Fatigue tests use fully reversing loading to test the properties of materials, and the results are extremely statistical. The number of cycles a given material can survive a specific fully-reversing stress increases as the stress level decreases. Certain materials exhibit a property known as ‘infinite life’, which is defined as the fully-reversing stress level (the endurance limit, or EL) which a material can survive for 10 million applications (cycles).
Notch Toughness is a measurement of a material's resistance to breakage from impact loading. If you hit a diamond with a hammer, it will shatter; If you hit the head of another hammer with a hammer and the hammer in your hand will spring back; If you hit the fender of your car with a hammer, well you know how that turns out......
Notch toughness is measured by several different tests, the Charpy V-Notch (CVN) being one of the most frequently used. In that test, a specific size ‘V’-shaped notch is cut into a specific size rectangular bar of the test material ("specimen"), then the specimen is mounted in a testing machine which has a pendulum-type hammer. The pendulum is raised to a specific height and released. It strikes the specimen right behind the notch and fractures it. The kinetic energy (ft-lbs) contained in the pendulum at the time it strikes the specimen is easily calculated.
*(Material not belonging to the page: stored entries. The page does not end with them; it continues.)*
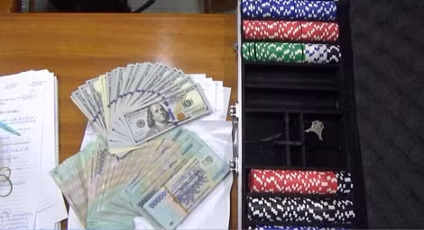| Các con bạc bị bắt quả tang trên bàn chơi bạc. |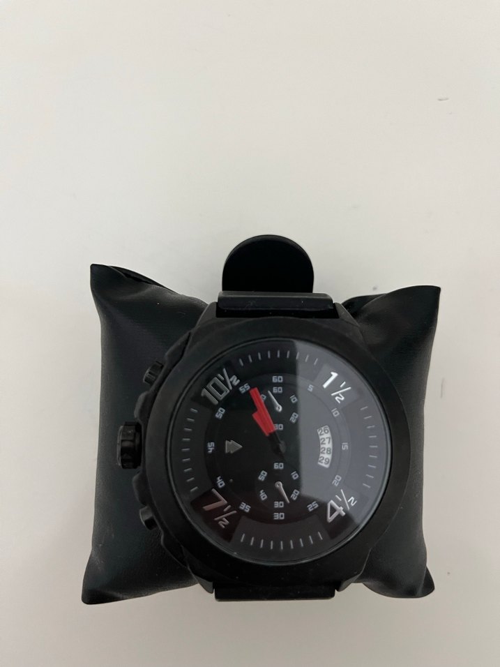 Bu erkek saati siyah minimalist tasarıma ve koyu biker tarzına sahiptir. Beyaz ve kırmızı belirgin işaretler ile fonksiyonel ve sade bir görünüme sahiptir. ⌚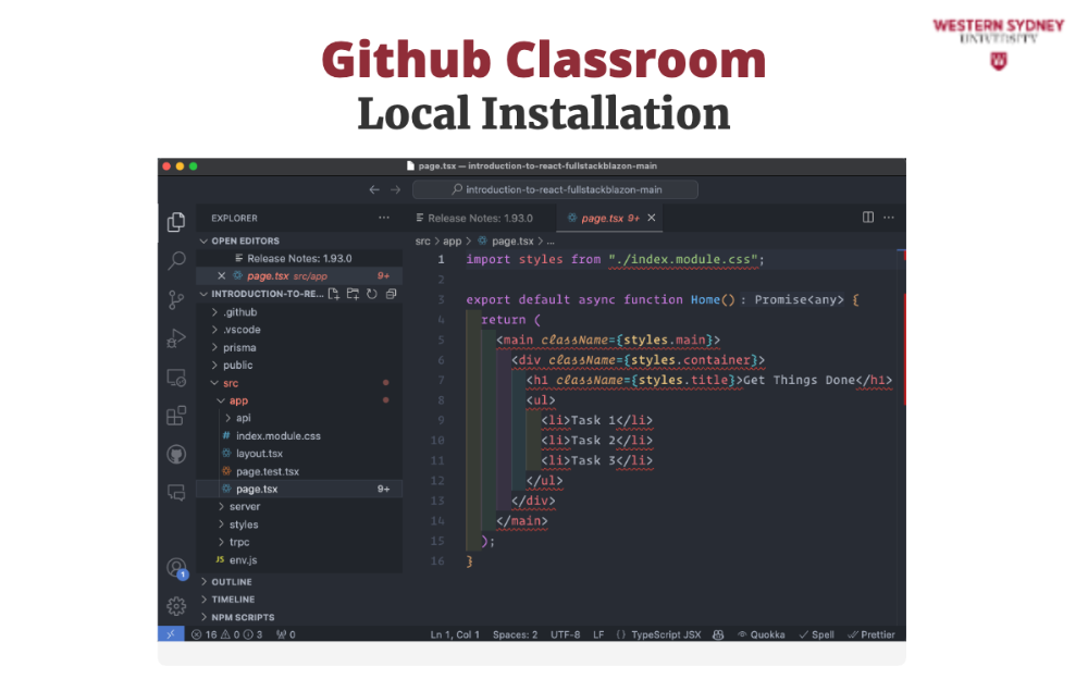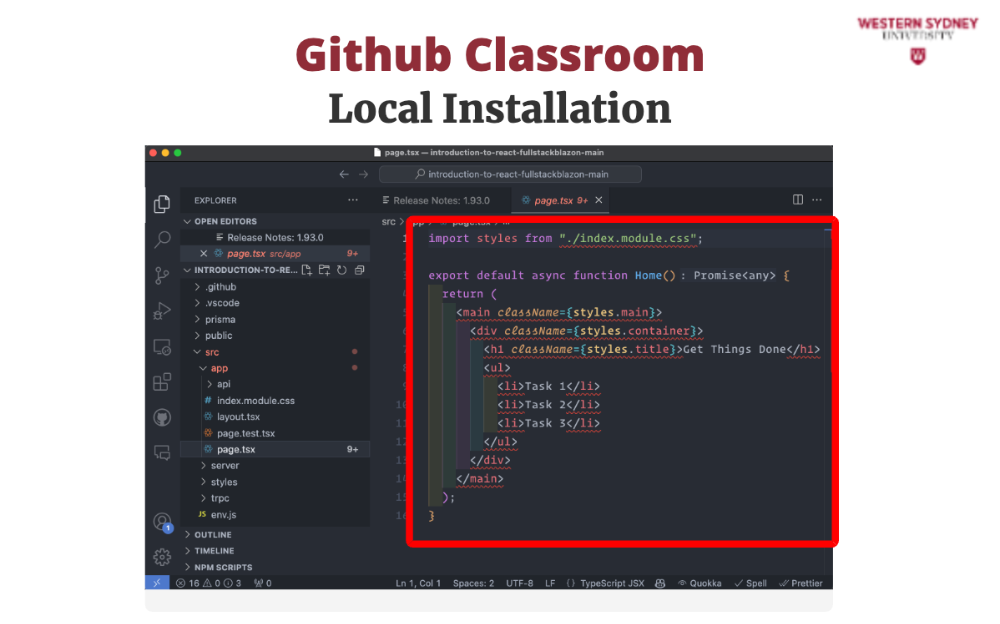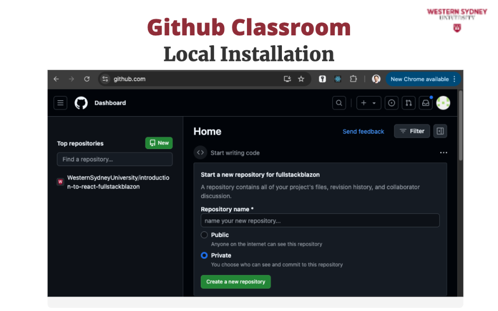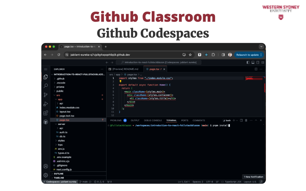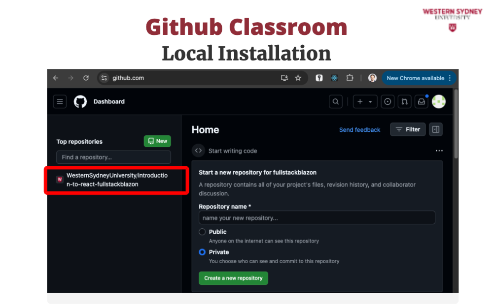 To work on your assignment on your computer, you must download the files from the repository. Make sure that git is installed. First, mark the name of the repository that was created for you for this assignment. It is displayed in the Figure 2 under you're ready to co. In my case, the URL is https://github.com/WesternSydneyUniversity/introduction-to-react-tomitrescak. Please make sure you use your own personalised URL.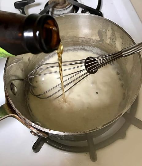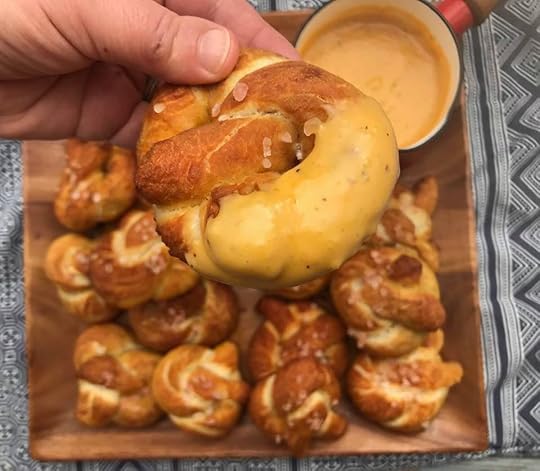 I can't contribute much football spirit to the game, so I'll be doing what I do best: making something good to eat while we watch grown men who make more money than the GNP of small countries beat each other up. More specifically: soft pretzels with gooey IPA cheese sauce for dipping. Here's what that looks like.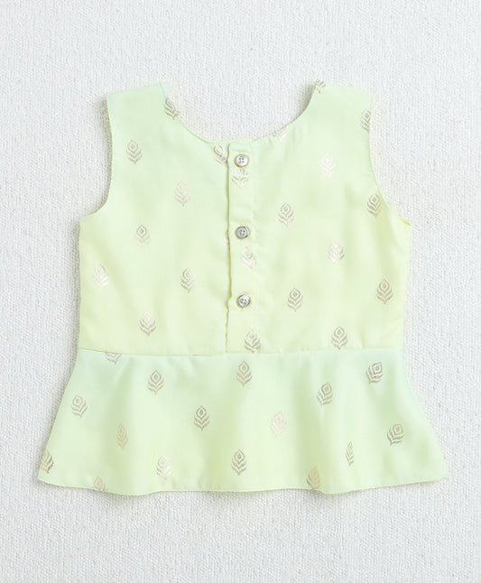 Woven Sleeveless Foil Printed With Gota Lace Embellished Top with Palazzo Set-Yellow

The energy remaining in the pendulum after it breaks the specimen can be calculated from the distance it travels post-fracture. The energy required to break the specimen is obviously the difference between the two values, which is the CVN value (ft-lbs) for the material at the tested hardness.
HRc - The hardness of a material as measured on the Rockwell "C" scale. (There are several other hardness scales: Rockwell A and B, Brinell, Vickers, Knoop, Shore, etc., having different uses and ranges. HRc is the most frequently used scale for steels; HRb is a common measurement for softer metals.) Since the strength versus hardness relationship is known for each material, this test is a simple way to verify the strength of a known material.
Work-Hardening is an increase in the strength and hardness of a metal resulting from plastic deformation at a temperature below the crystal-restructuring range.
Vacuum Induction Melting (VIM) is a primary-melt process for producing very high purity steels by melting the materials by induction heating inside a high-vacuum chamber.
Electro-Slag Remelting (ESR) is an open-air remelting process through a reactive slag which produces a clean steel with good crystallography.
Pressurized ESR (PESR) is an ESR remelt but the furnace is pressurized with 1-15 bar of nitrogen to prevent the formation of oxides, producing a cleaner steel than ESR.
Vacuum Arc Remelting (VAR) is a refining process in which steels are remelted inside a vacuum chamber to reduce the amount of dissolved gasses in the metal. Heating is by means of an electric arc between a consumable electrode and the ingot, and typically takes twice as long as ESR or PESR.
It is well established that material cleanliness (absence of contaminants, oxides, bubbles, unwanted elements) is a major contributor to high fatigue life. After the primary melt, there are various remelt processes which produce an increasing level of purity in the metal. VIM-VAR is generally used to produce the cleanest (and most expensive), of double-melt steel, nickel and titanium alloys, and therefore, the best fatigue properties of double-melt methods. Triple-melt VIM-ESR-VAR produces extreme cleanliness in exchange for extreme cost.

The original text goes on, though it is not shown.